### Task objective
Begin at the line below that holds "You stood in" and end at the line that holds "今天匯率行情:1美元兌澳幣匯率表(2025年12月8日)", transcribing each line exactly and skipping any picture.

### Supplied data

== Segment start ==

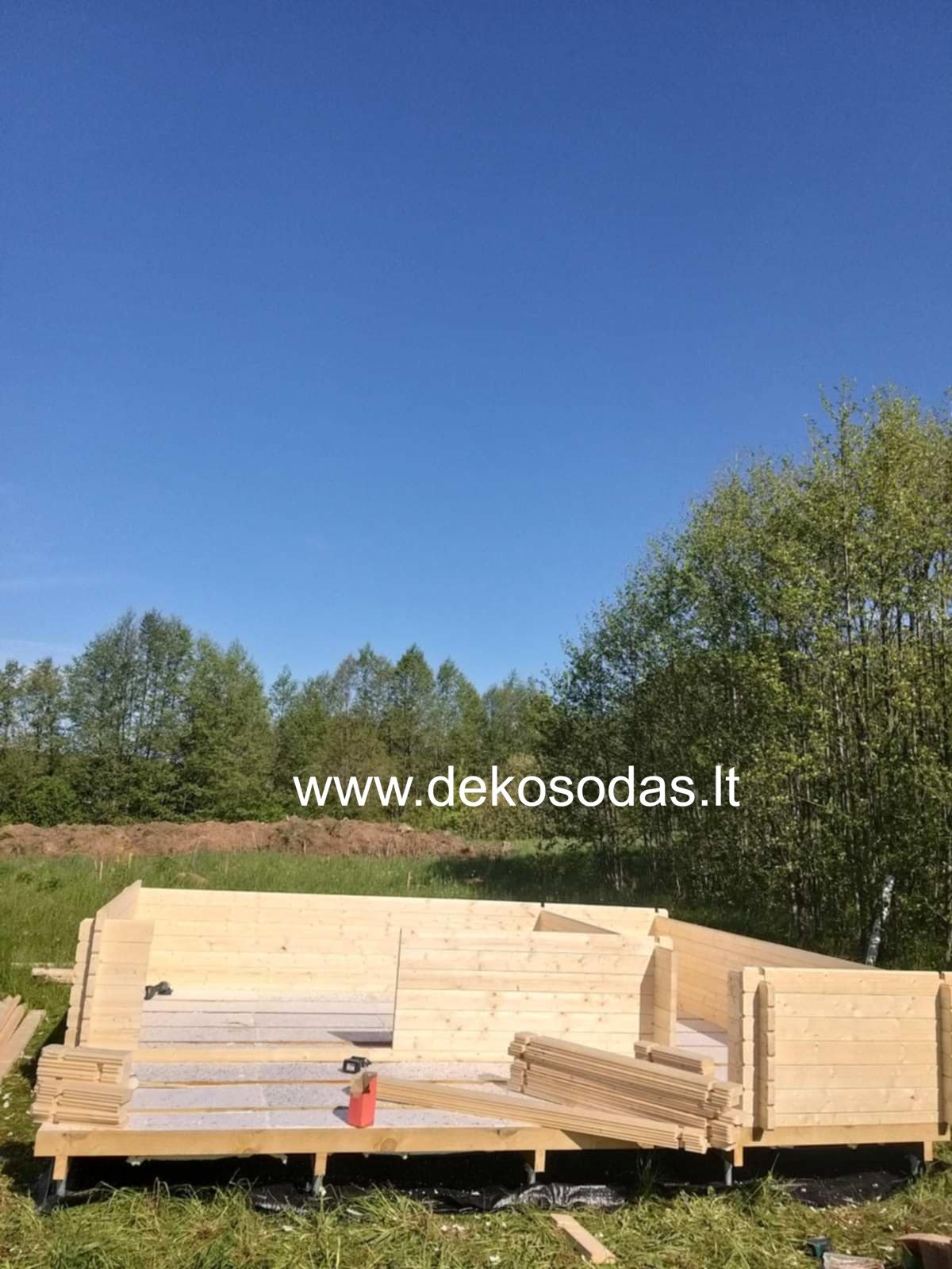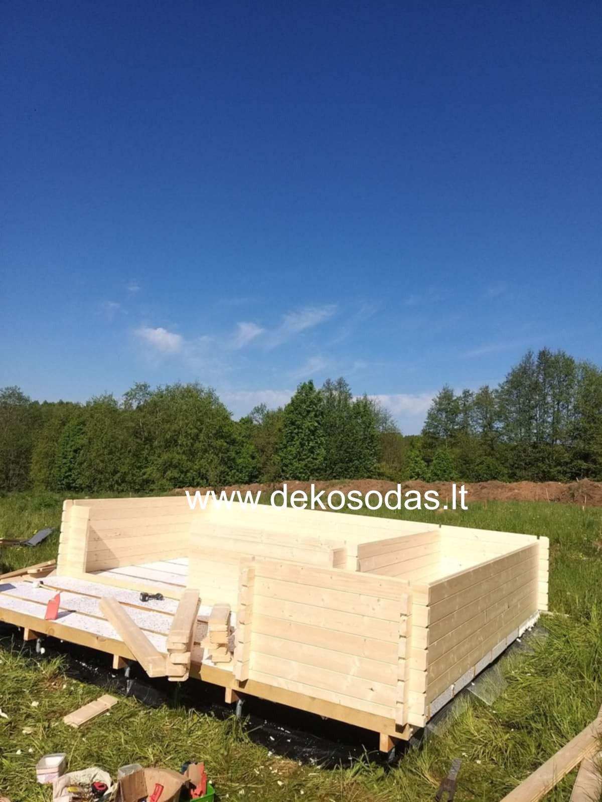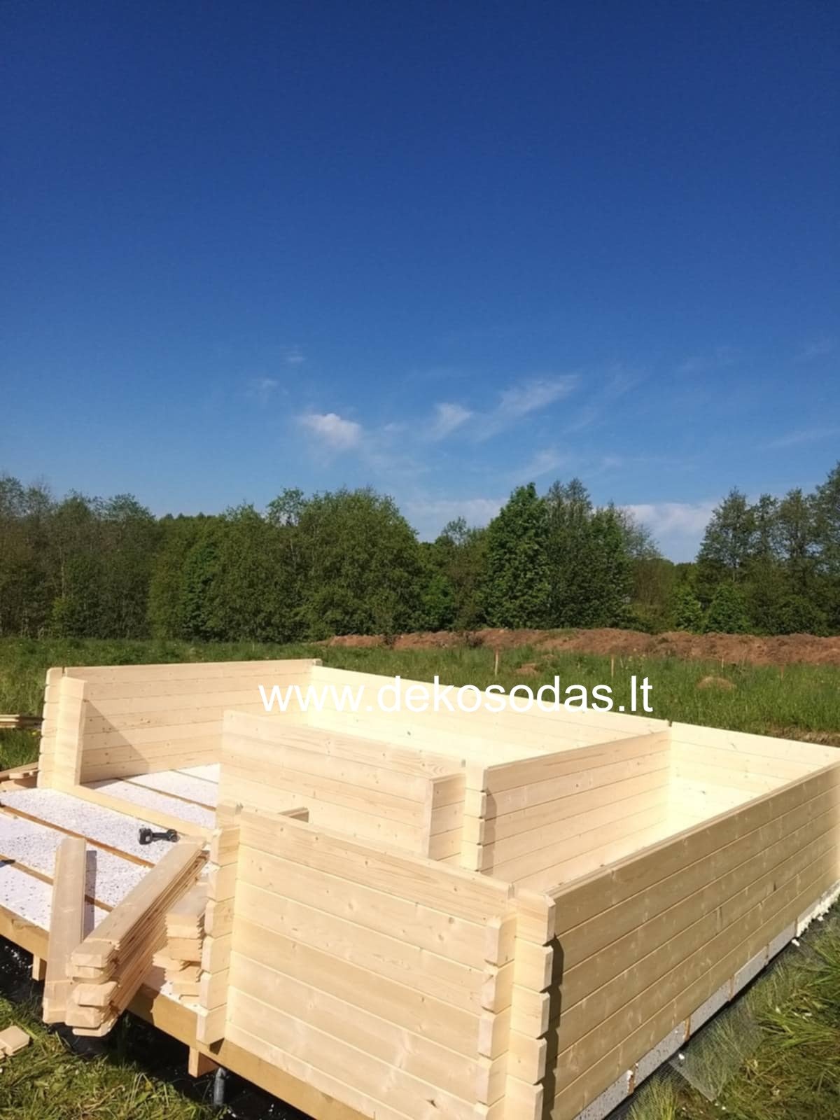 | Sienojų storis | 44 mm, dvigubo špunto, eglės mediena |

== Segment end ==
== Segment start ==

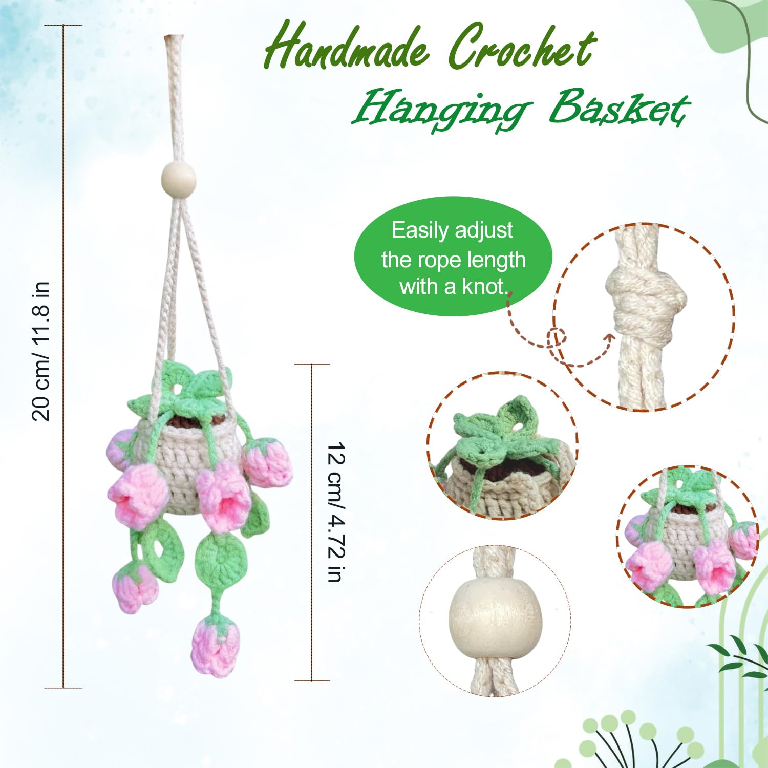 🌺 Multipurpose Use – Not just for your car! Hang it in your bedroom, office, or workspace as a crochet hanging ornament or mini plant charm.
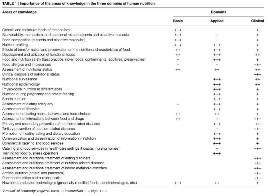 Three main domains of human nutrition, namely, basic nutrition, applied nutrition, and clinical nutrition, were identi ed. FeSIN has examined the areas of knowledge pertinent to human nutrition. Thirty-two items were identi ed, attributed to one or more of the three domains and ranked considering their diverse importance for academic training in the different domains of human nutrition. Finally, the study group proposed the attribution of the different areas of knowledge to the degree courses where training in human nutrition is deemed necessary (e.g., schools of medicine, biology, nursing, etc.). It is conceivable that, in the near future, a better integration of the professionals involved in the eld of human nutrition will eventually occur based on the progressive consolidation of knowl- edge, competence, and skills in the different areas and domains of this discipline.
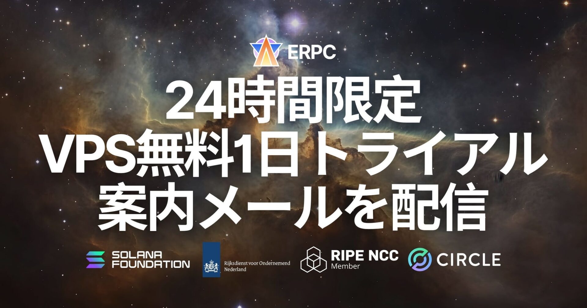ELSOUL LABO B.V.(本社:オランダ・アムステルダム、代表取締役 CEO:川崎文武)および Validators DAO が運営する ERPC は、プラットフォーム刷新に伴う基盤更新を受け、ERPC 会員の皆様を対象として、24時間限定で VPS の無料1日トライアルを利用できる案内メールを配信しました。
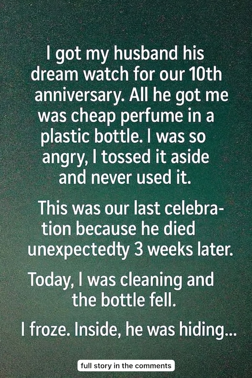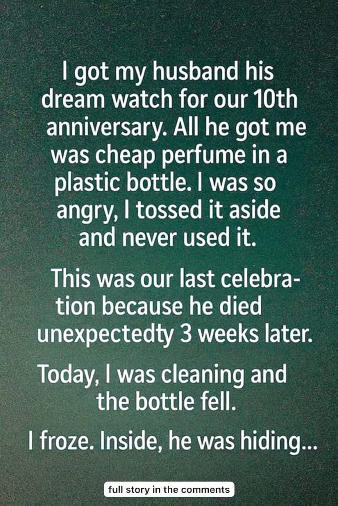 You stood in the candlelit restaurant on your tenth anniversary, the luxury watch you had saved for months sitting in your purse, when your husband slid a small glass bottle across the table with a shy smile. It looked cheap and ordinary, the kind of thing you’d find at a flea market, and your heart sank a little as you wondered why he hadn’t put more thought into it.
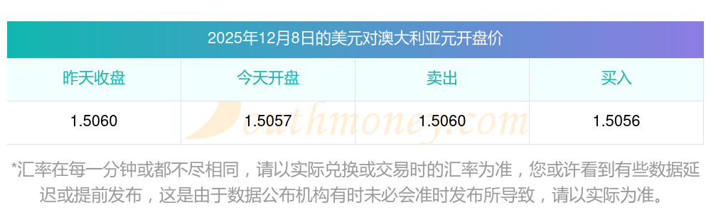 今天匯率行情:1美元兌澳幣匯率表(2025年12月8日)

== Segment end ==
== Segment start ==

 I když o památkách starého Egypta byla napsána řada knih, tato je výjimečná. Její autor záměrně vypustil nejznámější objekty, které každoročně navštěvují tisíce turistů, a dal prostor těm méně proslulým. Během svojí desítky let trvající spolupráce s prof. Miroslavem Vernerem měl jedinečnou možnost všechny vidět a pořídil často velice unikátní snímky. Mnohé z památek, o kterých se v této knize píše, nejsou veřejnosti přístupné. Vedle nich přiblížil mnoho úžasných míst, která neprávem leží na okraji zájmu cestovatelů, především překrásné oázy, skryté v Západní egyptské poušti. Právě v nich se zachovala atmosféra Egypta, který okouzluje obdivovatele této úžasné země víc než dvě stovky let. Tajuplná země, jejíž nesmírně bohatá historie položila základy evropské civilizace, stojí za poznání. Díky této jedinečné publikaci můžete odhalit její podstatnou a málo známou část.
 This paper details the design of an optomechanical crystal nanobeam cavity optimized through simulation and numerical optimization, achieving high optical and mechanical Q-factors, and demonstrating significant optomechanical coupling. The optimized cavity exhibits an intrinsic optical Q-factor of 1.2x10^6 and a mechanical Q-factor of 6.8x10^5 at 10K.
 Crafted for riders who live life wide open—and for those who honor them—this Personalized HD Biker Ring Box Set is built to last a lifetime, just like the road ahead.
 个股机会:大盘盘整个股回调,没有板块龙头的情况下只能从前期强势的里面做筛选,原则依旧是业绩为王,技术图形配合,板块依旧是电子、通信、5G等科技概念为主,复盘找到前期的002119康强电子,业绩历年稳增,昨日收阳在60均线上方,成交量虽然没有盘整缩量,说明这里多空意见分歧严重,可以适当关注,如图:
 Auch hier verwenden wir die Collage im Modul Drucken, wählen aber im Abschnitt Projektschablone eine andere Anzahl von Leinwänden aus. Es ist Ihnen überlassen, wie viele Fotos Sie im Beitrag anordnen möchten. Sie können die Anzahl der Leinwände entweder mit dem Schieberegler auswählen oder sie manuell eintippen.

== Segment end ==

### Final answer
 You stood in the candlelit restaurant on your tenth anniversary, the luxury watch you had saved for months sitting in your purse, when your husband slid a small glass bottle across the table with a shy smile. It looked cheap and ordinary, the kind of thing you’d find at a flea market, and your heart sank a little as you wondered why he hadn’t put more thought into it.
 今天匯率行情:1美元兌澳幣匯率表(2025年12月8日)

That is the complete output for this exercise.